The parish's three seminarians are home from college, so I invited them for dinner during the Christmas Octave. We settled on tonight.
As I have Holy Mass at 5 pm, I have to get things mostly in order beforehand. So I've been working on this since yesterday.
I started with something new: a cheesecake, using this recipe.
Here is the ricotta and cream cheeses, with the sour cream and pretend sugar:
Here are the eggs, extra yolks, lemon juice, and vanilla. Next in is the cream:
Here's the batter, which I was careful not to "overwhip" (per the instructions):
Here is the cake in the water bath, going in the oven. (The water bath was there already.) Please don't notice the condition of the oven. Just today I figured out how to use the "self clean" option.
So that cooked for almost 2 hours, then it cooled in the oven for another three, then into the fridge. That was all last night.

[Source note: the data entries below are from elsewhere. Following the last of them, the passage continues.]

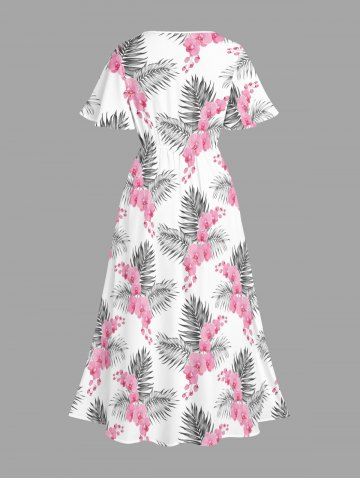 Robes Graphiques > Robe mi-longue hawaïenne fendue à imprimé floral et feuilles grande taille
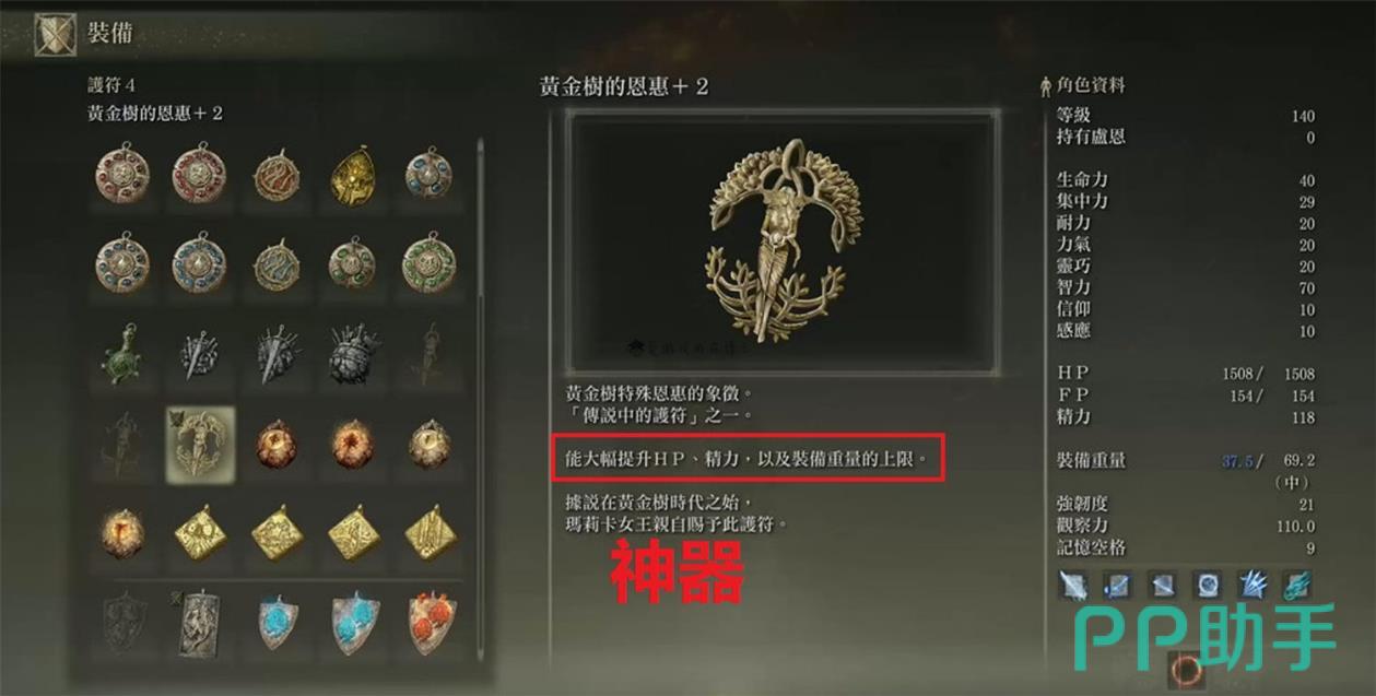 艾尔登法环里,玩家可以收集战斗武器和防御装备,战斗武器提升玩家的攻击速度力量等属性,防御装备增加玩家的血量抗击打属性。在防御装备中,有一个携带方便的装备,玩家佩戴之后可以获得收益,提升回血量,这就是影护符。
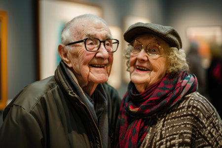 Elderly Couple Shares Happiness At Art Museum Exhibit
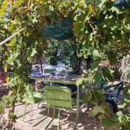 It consists of a wonderful outdoor area with a garden with various fruit trees, a terrace with a wooden pergola, a spacious outdoor storage room and a parking space. The property provides privacy to the residents.
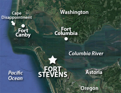 In the 1820's, fur trappers and traders pioneered what would become known as the Oregon Trail, connecting the eastern United States with the wild 'n' wooly Oregon Territory. The city of Portland, at the confluence of the Columbia and Willamette Rivers, was officially founded in 1845, and developed into a major port of the Pacific Northwest. During the Second World War (1939-1945), the shipyards of Portland churned out a steady stream of Liberty Ships, which were enormous cargo vessels...making the mouth of the Columbia River a location in desperate need of defense..
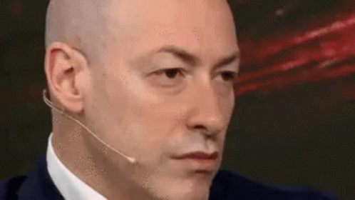 Ukrainian journalist Dmitry Gordon, bald and in a suit, looks serious then breaks into a smile.
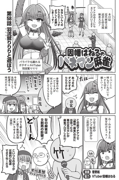 【ななし】明日発売の近代麻雀「因幡はねるのハネマン麻雀」、ゲストで羽流鷲りりりが登場『ななしのデカパイギャル』
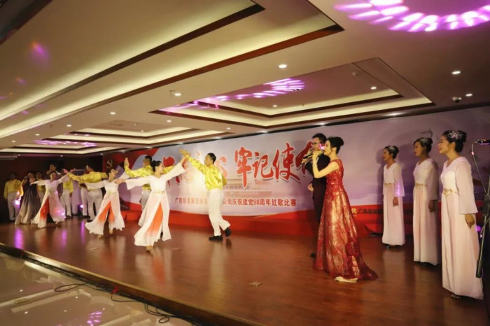 來自新發(fā)展集團(tuán)本部,各直屬單位、指揮部的11支代表隊(duì)歡聚一堂,用滿腔熱情唱響紅色旋律,歌頌黨的恩情,獻(xiàn)禮建黨98華誕。其中,新發(fā)展集團(tuán)本部吟唱余音渺渺的《愛國歌》,用現(xiàn)代舞和朗誦的形式表現(xiàn)個人與祖國血脈相連、風(fēng)雨同當(dāng)?shù)那殂?,最終拔得頭籌;欽北改擴(kuò)建指揮部、人防設(shè)計(jì)院緊緊結(jié)合“不忘初心、牢記使命”主題教育的根本遵循,分別合唱《不忘初心》《走向復(fù)興》兩首曲目,并做到演唱連貫、節(jié)奏鮮明、情緒準(zhǔn)確,分別獲得二等獎;大浦公司、融河高速指揮部、鐘昭高速指揮部則在確保歌曲的完整度、準(zhǔn)確度、協(xié)調(diào)度的同時,在服裝、隊(duì)形、伴奏上別出心裁,最終獲得三等獎;其余隊(duì)伍也各具特色,使所選紅歌綻放出燦爛的光彩,展現(xiàn)出新發(fā)展集團(tuán)奮斗拼搏的精神面貌。
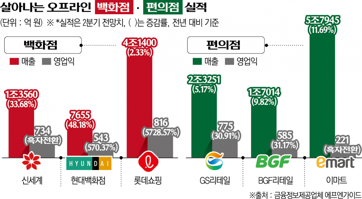 오프라인 유통업계의 회복세가 뚜렷해지고 있다. 따뜻해지는 날씨에 코로나19 장기화로 인한 피로감, 백신 접종에 따른 종식 기대감 등 여러 요인이 합해져 오프라인 소비 수요가 늘고 있어서다. 지난해 코로나19 직격탄을 맞아 휘청였던 백화점과 편의점의 2분기 실적에도 청신호가 들어왔다.

This afternoon, I cleaned the chicken and dried it -- it's in the fridge, so the skin dries a bit more. I have to put that in the oven right before Holy Mass, and then hurry back to get it out of the oven right after. A little later, after the skin has dried some, I'll dress the chicken with butter and pepper, and stuff it with lemon slices and rosemary, a la Zuhlsdorf.
Meanwhile, I got the red potatoes ready. These will cook below the chicken -- meaning, they'll soak up all that wonderful goodness given off by the chicken. Here are the potatoes, washed, drizzled with olive oil, and sprinkled with pepper, salt and fresh rosemary:
And, while I'm fooling around in the kitchen, I got out the cheesecake, and took the top part of the pan away. (Sorry, I should have gotten a photo after that!) I was a little disappointed in it's (lack of) height; but the little bit I tasted from the pan was good. I will offer the guys some chocolate sauce, or some raspberry-rhubarb sauce, if they like, to go with it.
OK, I just popped the bird in the oven. Fifteen minutes on high, then down to a lower temp for the rest of the way.
Here's the bird, before being dressed with butter, pepper and salt, and stuffed with lemons and rosemary:
Here it is with all that. The butter didn't spread very well -- the skin was still too wet -- so I rubbed some olive oil on.
Meanwhile, here's the dinner table, all set. In the upper left is our patron, Saint Remigius, depicted in a Russian-style icon. (Get it?)
In a few minutes, I'll turn down the oven, and then over to Mass. I hope the servers show up!